Initially, the purpose of contrastive linguistics was to make foreign language teaching more effective. Now its findings have been transposed to Italian translation. It makes its effectiveness in translation by highlighting the similarities between two languages that can facilitate translation from Italian into another language, and the differences that may cause problems. Contrastive linguistics also suggests ways of solving those problems. It is a useful field of study for translation because it enhances cross-cultural competence.

The role of contrastive linguistics in Italian translation will befocusing attention only on the structural differences between Italian and English, which have been perceived as the commonest stumbling blocks in an Italian translation. Structural similarities can safely be ignored for the purpose of this discussion. The discussion will also seek to educate the translator in the very many options that are available to him in dealing with these structural variations in an Italian translation. Although variations and discrepancies exist at several levels between the two languages, only four aspects have been chosen. They are the aspects of nominalization, determiners, adverbial expressions, and how the two languages express condition and time.

Nominalization refers to the process by which a verb or an adjective has been converted into a noun, for example, replacing ‘move’ with ‘movement’, ‘discover’ with discovery’ and so on. Determiners are words that come before nouns and modify them, that is, they tell us something else about them.

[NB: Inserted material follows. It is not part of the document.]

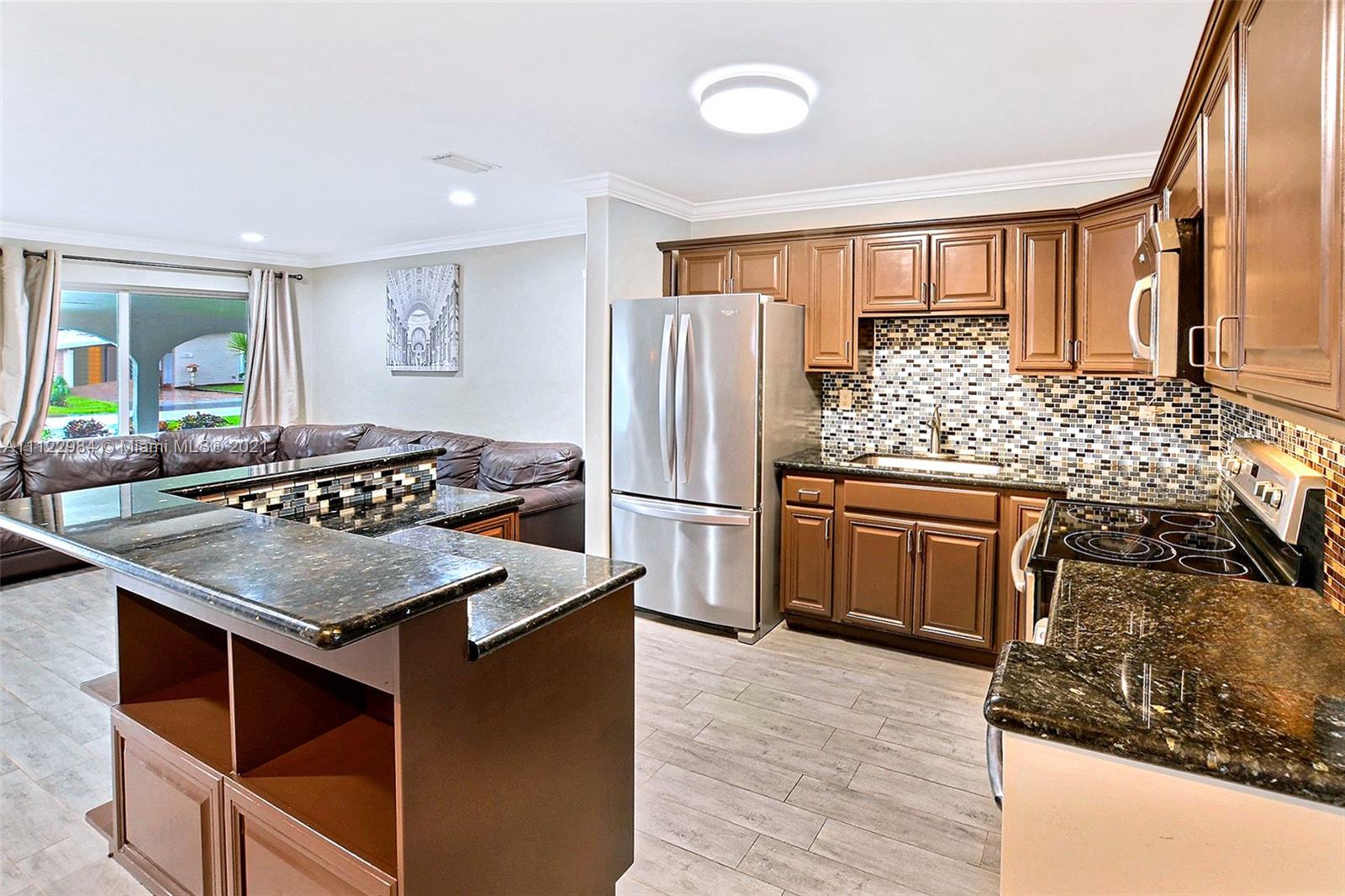 SPECTACULAR 3 BED 2 BATH PEMBROKE PINES POOL HOME HAS BEEN REMODELED FROM TOP TO BOTTOM COMPLETE W ALL IMPACT WINDOWS & DOORS, NEW AC, NEW METAL ROOF IN 2017. CURB APPEAL ABOUNDS FROM TASTEFULLY CURATED LANDSCAPING, TO CRISP MODERN EXTERIOR, FROM AN INVITING CIRCULAR DRIVEWAY. OPEN CONCEPT LIVING AT ITS FINEST SHOWCASES A GORGEOUS KITCHEN COMPLETE WITH GRANITE COUNTERS, TILE BACKSPLASH & NEWER STAINLESS APPLIANCES. CROWN MOLDING AND RECESS LIGHTING. STUNNING MODERN FLOORS THROUGHOUT LEAD TO AN ENTERTAINERS PARADISE IN THE BACKYARD. A LARGE PATIO AREA, POOL WITH WATERFALL FEATURE, AND PALM TREES LINE THE PRIVATE GATED BACKYARD TO CREATE YOUR VERY OWN PARADISE. CONVENIENT DEDICATED LAUNDRY ROOM HAS A VIEW OF THE BACKYARD. ALL IN CLOSE PROXIMITY TO RESTAURANTS, SHOPS & THE TURNPIKE. NO HOA.
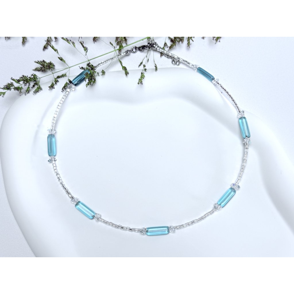 Minimalistický čirý náhrdelník s čirými krystaly v barvě máty

Determiners can be the articles ‘a’, ‘an’, and ‘the’; possessive nouns indicated with an apostrophe, as in ‘my mother’s’; possessive pronouns such as ‘his’, ‘their’, ‘our’, etc.; numbers such as ‘one’, ‘two’, etc.; indefinite pronouns like ‘few’, ‘more’, ‘each’; and demonstrative pronouns like ‘this’ and ‘that’.

Adverbial clauses modify a verb by answering questions like ‘how’, ‘when’, ‘why’, and ‘how much’. Adverbial clauses always begin with a subordinating conjunction. Some of the most common subordinating conjunctions in English are ‘after’, ‘before’, ‘unless’, ‘until’, etc. In order to deal with these stumbling blocks in Italian translation, an Italian translator often must resort to tools like grammatical transposition and compensation. Any method that he or she adopts must guarantee minimum translation loss of idiomaticity and register.